Unser Rat

Abschluss. Machen Sie wenn möglich bei einer betrieblichen Altersvorsorge mit, denn eine Zusatzversorgung für den Ruhestand ist unerlässlich. Die Steuervorteile für diese Art des Sparens sind attraktiv. Die betriebliche Vorsorge schlägt die private Vorsorge deshalb fast immer.

Auswahl. Steht in Ihrem Betrieb demnächst die Auswahl eines Angebots an, versuchen Sie darauf Einfluss zu nehmen, zum Beispiel über den Betriebsrat. Was für Arbeitnehmer wichtig ist, erfahren Sie in „Pensionskassen für alle“. Über die Art der Betriebsrente entscheidet aber letztlich der Arbeitgeber – in vielen Fällen auf Grundlage eines Tarifvertrags. Dies gilt auch, wenn Sie per Entgeltumwandlung einen Teil Ihres Lohnes in eine betriebliche Altersvorsorge investieren.
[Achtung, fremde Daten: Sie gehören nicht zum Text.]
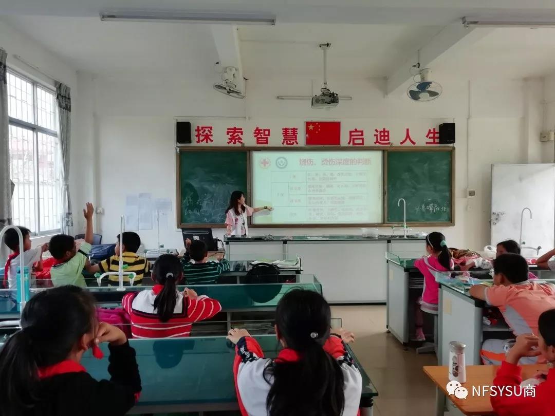 急救组通过PPT的形式为小朋友们进行急救知识的传授,主要教授的课程为烧伤烫伤的处理和预防、电梯安全问题以及公共安全问题。为提高小朋友对课程接受度,志愿者在文字授课的基础上结合图片与视频一并讲解。
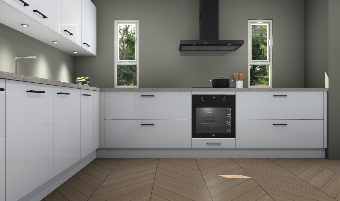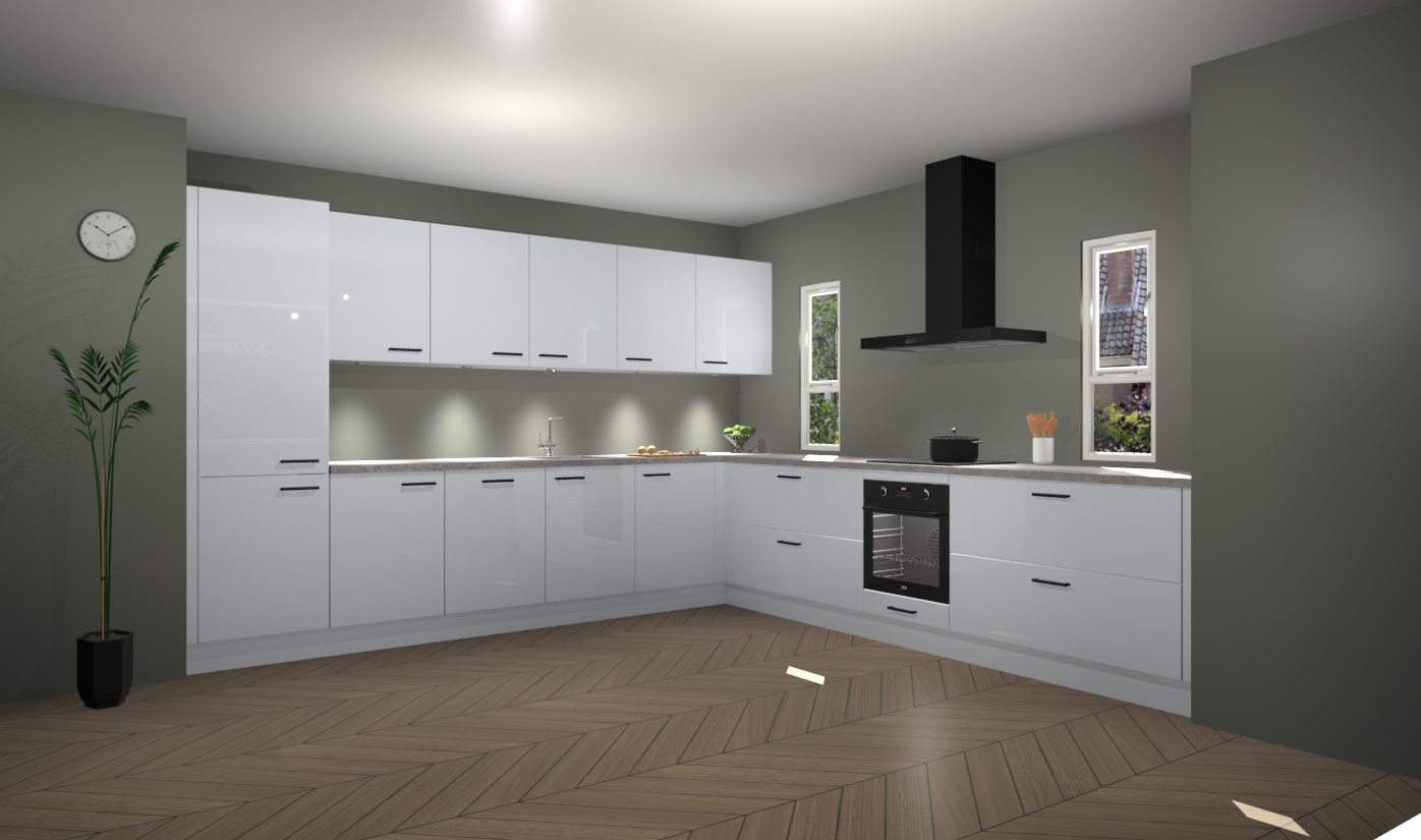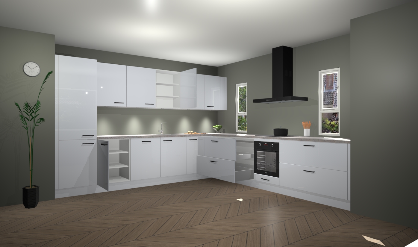De sneeuwwitte hoogglans keuken is een ideale hoekkeuken en heeft alle functies en apparatuur die u maar nodig kunt hebben. Bij de bestelling krijgt u een oven, inductiekookplaat, afzuigkap, vaatwasser en koelkast - deze kunnen desgewenst eenvoudig worden uitgebreid naar AEG na bestellen. Elke kast wordt ook voor gemonteerd geleverd met soft close deuren die jarenlang gebruik beloven. Stelt u zich voor dat u geen gedoe heeft met vervelende montage - vanaf het moment dat u uw bestelling plaats, duurt het slechts 7 weken voor het bij u thuis geleverd wordt.

Beratung. Nehmen Sie die Beratungsangebote des Betriebsrats oder der Personalabteilung zur betrieblichen Altersvorsorge wahr. Achten Sie ferner darauf, dass Sie vom Anbieter des Vorsorgeprodukts ausführlich beraten werden, nicht nur im Rahmen einer Betriebsversammlung, sondern auch in einem persönlichen Einzelgespräch mit dem Vermittler.
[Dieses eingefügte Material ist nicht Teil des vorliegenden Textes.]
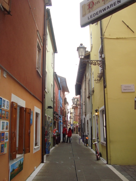 Я более подробно расскажу про Каорле. На мой взгляд, его отличительной чертой от обычных приморских курортов является то, что он сохранил свой исторический центр. Ведь раньше Каорле был обычной рыбацкой деревушкой. Еще его называют «маленькой Венецией», только вместо калле-каналов там калле-улицы. На мой взгляд, домики в центре Каорле такие же разноцветные и красивые, как на острове Бурано в Венеции.
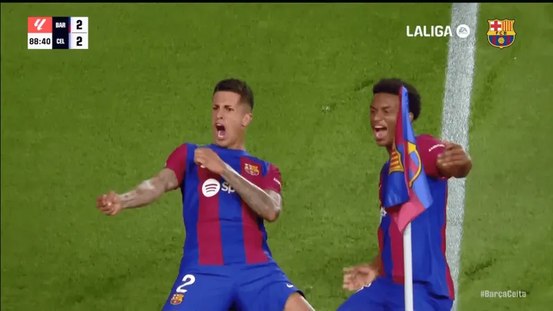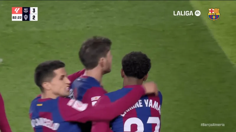 弗里克准备4月27日与皇马的决赛国家德比,13日轮休打塞尔塔。60分钟1比2落后叫亚马尔奥尔莫上来救场,奥尔莫进一球,亚马尔助攻拉菲尼亚扳平成3比3,奥尔莫造点拉菲点射逆转绝杀。
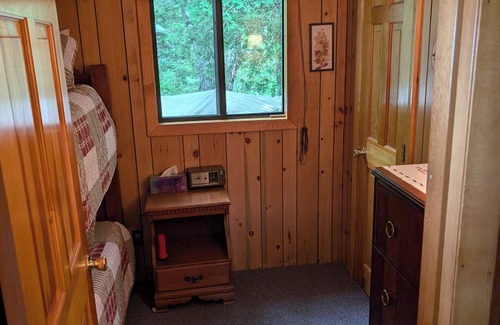 The bedroom has a comfortable double bed with a large picture window looking out over the cove, dresser, rustic night stands and an alarm clock. The second bedroom has a bunk bed, night stand, dresser, and a window looking out towards the woods behind the cottage. There is a sofa in the main living room that can sleep 1 more person. Both bedrooms have a dresser, oscillating fan, nightstand(s) with lamp(s), a closet, comforters and extra blankets to stay cozy on cool nights. All pillow covers, and mattress covers are new for your comfort. The bathroom has another window facing the woods, the usual sink and toilet, a 3'X4' roomy shower with heated exhaust fan, and a storage closet. The cottage has a full-sized electric water heater to ensure plenty of hot water. The cottage interior is over 700 square feet in size with plenty of space as you can see from the pictures. Four Adirondack chairs (cushions provided), a small table, and grill await you on the wrap-around deck facing the lake just outside the sliding glass doors.
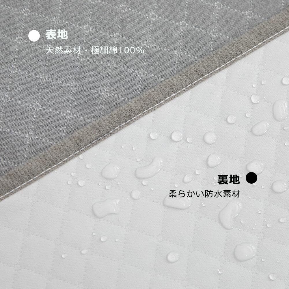 <防水機能>裏面には防水素材が使用されており、水や液体が浸透しないように加工されています。この素材は、下に敷いたシーツやマットレスを守ることができます。しっかりと防水をしますが、通気性が良く、夏にも蒸れずに快適に使用できます。また、防汚性にも優れており、汚れがつきにくく、手入れも簡単です。このため、ベビーや小さな子供のおむつ替えや介護などにも広く利用されています。防水素材は柔らかく、普通の防水シーツのようなカサカサした音が発生しなく、毎日静かに眠れます。
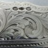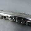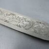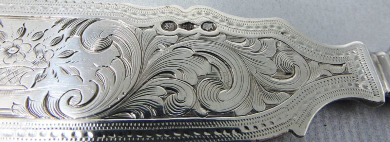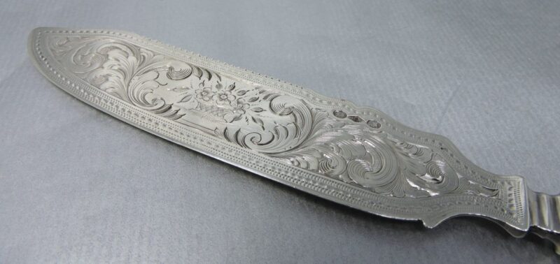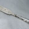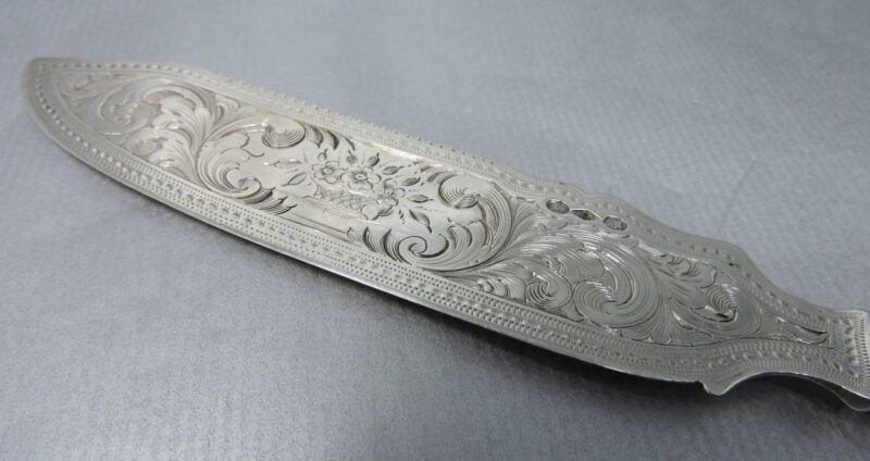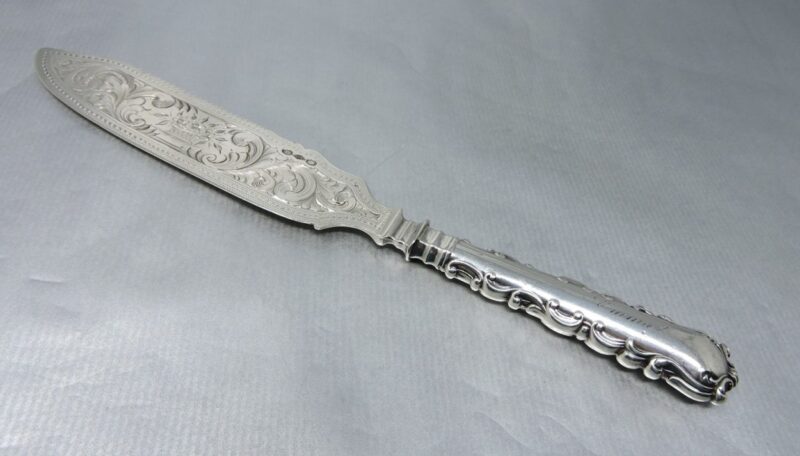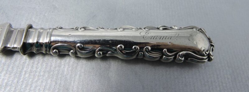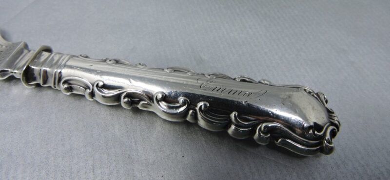 A lovely French silver cake knife with beautifully embossed floral and swirl decorations and a serrated edge on the blade. The handle of the knife is engraved “Emma”.

Dokumentation. Sorgen Sie dafür, dass der Vermittler ein Beratungsprotokoll anfertigt und unterschreibt. Überzeugen Sie sich davon, dass darin die Beratungsergebnisse korrekt festgehalten sind. Kommt es später zu Streitigkeiten, können Sie diese mithilfe der Unterlagen einfacher klären.
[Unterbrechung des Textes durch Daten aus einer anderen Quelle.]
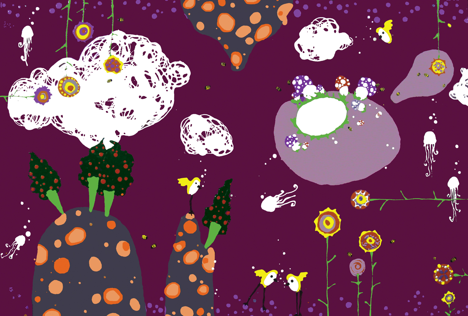Ed ecco nuvole di filo che si raggomitolano insieme per fare un po' d'ombra agli alberi-gelato variegati all'amarena, le api senza ali raccolgono il nettare dagli strambifiori, le meduse fantasma risalgono in cerca di ossigeno verso un cielo terso di un viola ormai perso, le montagne morbillose accolgono le tane-nido dei passerotti coscialunga ed il lago di latte ghiacciato ormai dai funghi a pois è circondato. É un mondo che sopravvive anche se! Chiuso nel suo fragile equilibrio, un caos fantastico in cui cielo-mare e terra si fondono e confondono in un unico, stupefacente ed improbabile cosmo, abitato da creature strambe ed affascinanti, altre misteriose e fatali. Vite in bilico tra sogno e realtà, personaggi di una fiaba contemporanea di un Mondo che ... aspetta e spera... in Apnea.
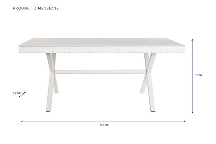 MESA COMEDOR MANGO METAL 180X90X76 ROMBO BLANCO
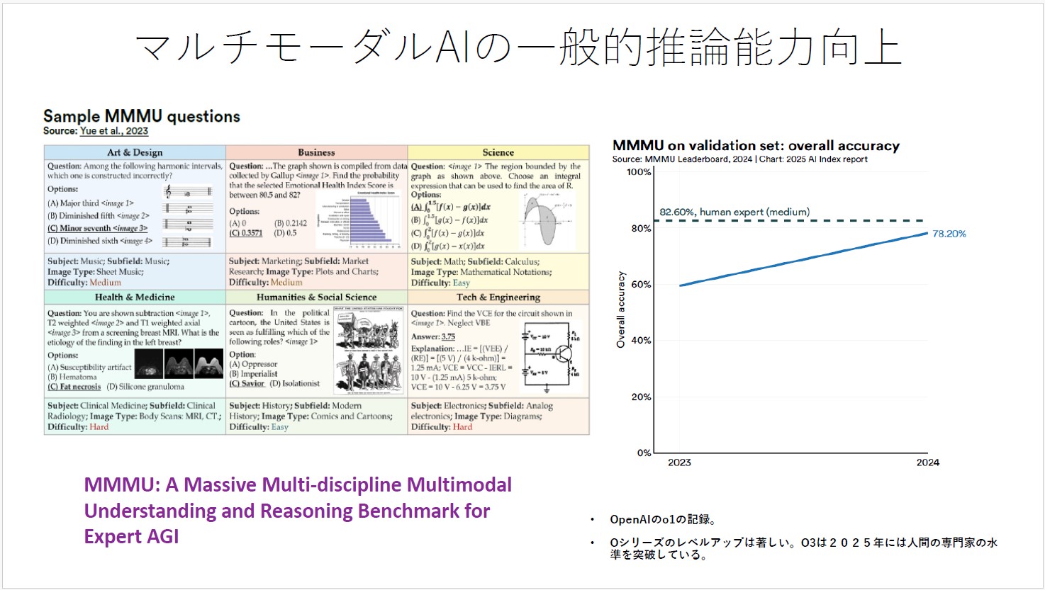 AIの性能を図るベンチマークには様々な試みがあり、その中でもMMMU(Massive Multi-discipline Multimodal Understanding and Reasoning Benchmark for Expert AGI)がよく使われている。大学卒業レベルの理解力と推論力を図るもので、芸術・デザイン、ビジネス、自然科学、健康・医学、人文・社会科学、技術・工学の6分野にわたる多数の問題がAIに与えられる。
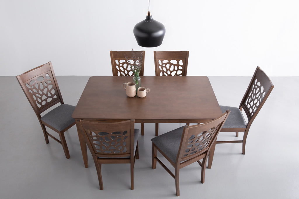 ALLEGRO Dining Table + 6x ASBEL Dining Chair - 7 Piece Dining Set - Cocoa
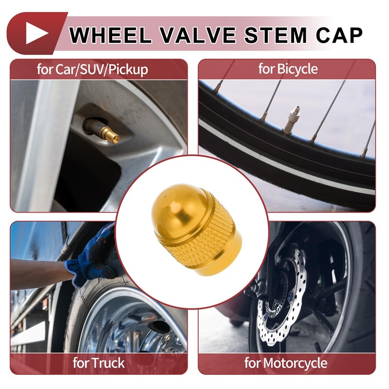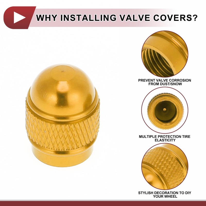 Tire valve dust caps adopt with durable leakproof Aluminum Alloy material, wear resistant, anti crash/rust, moisture resistance. Great help to protect the valve stem threads.
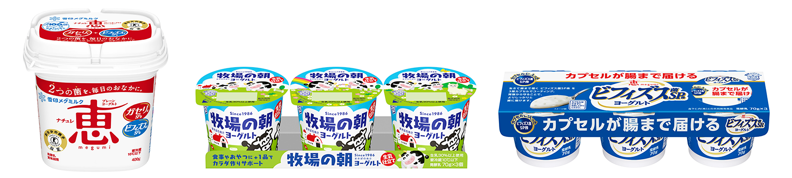 雪印メグミルクグループでは、容器包装における石油由来プラスチックを削減するため、2030年度に石油由来のプラスチック使用量を2018年度比で25%削減(売上原単位)することをKPIと定め、脱プラ分科会で削減施策を検討しています。2025年3月から「ナチュレ 恵 megumi」「牧場の朝ヨーグルト」「恵 megumi ビフィズス菌SP株ヨーグルト」の3ブランドにバイオマスプラスチックを10%配合した容器を導入します。この取組みにより雪印メグミルク(株)の石油由来プラスチック使用量は年間で500t超の削減見込みとなり、大きな効果が期待されます。
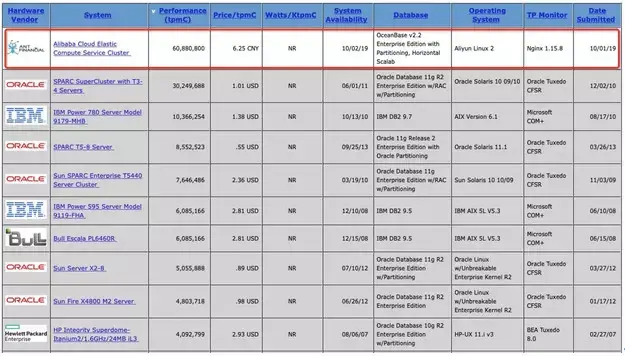 数据库的核心能力包括性能、成本、功能、生态等等,而 TPC-C 是全球 OLTP 数据库最权威的性能测试基准。TPC-C 登顶是每个 OLTP 数据库厂商的梦想,登顶意味着具备世界级的事务处理能力,能够满足无论是互联网还是金融、电信、政府等关键领域的核心系统的事务处理需求。目前在 TPC-C 指标上,蚂蚁金服是唯一一家中国上榜企业。

Mitnahmemöglichkeit. Wenn Sie eine betriebliche Altersversorgung abschließen möchten und es Ihnen sehr wichtig ist, dass Sie die Ansprüche beim Arbeitgeberwechsel mitnehmen können, schließen Sie erst 2005 einen Vertrag. Dann profitieren Sie von neuen gesetzlichen Regeln und haben ein Recht auf Mitnahme.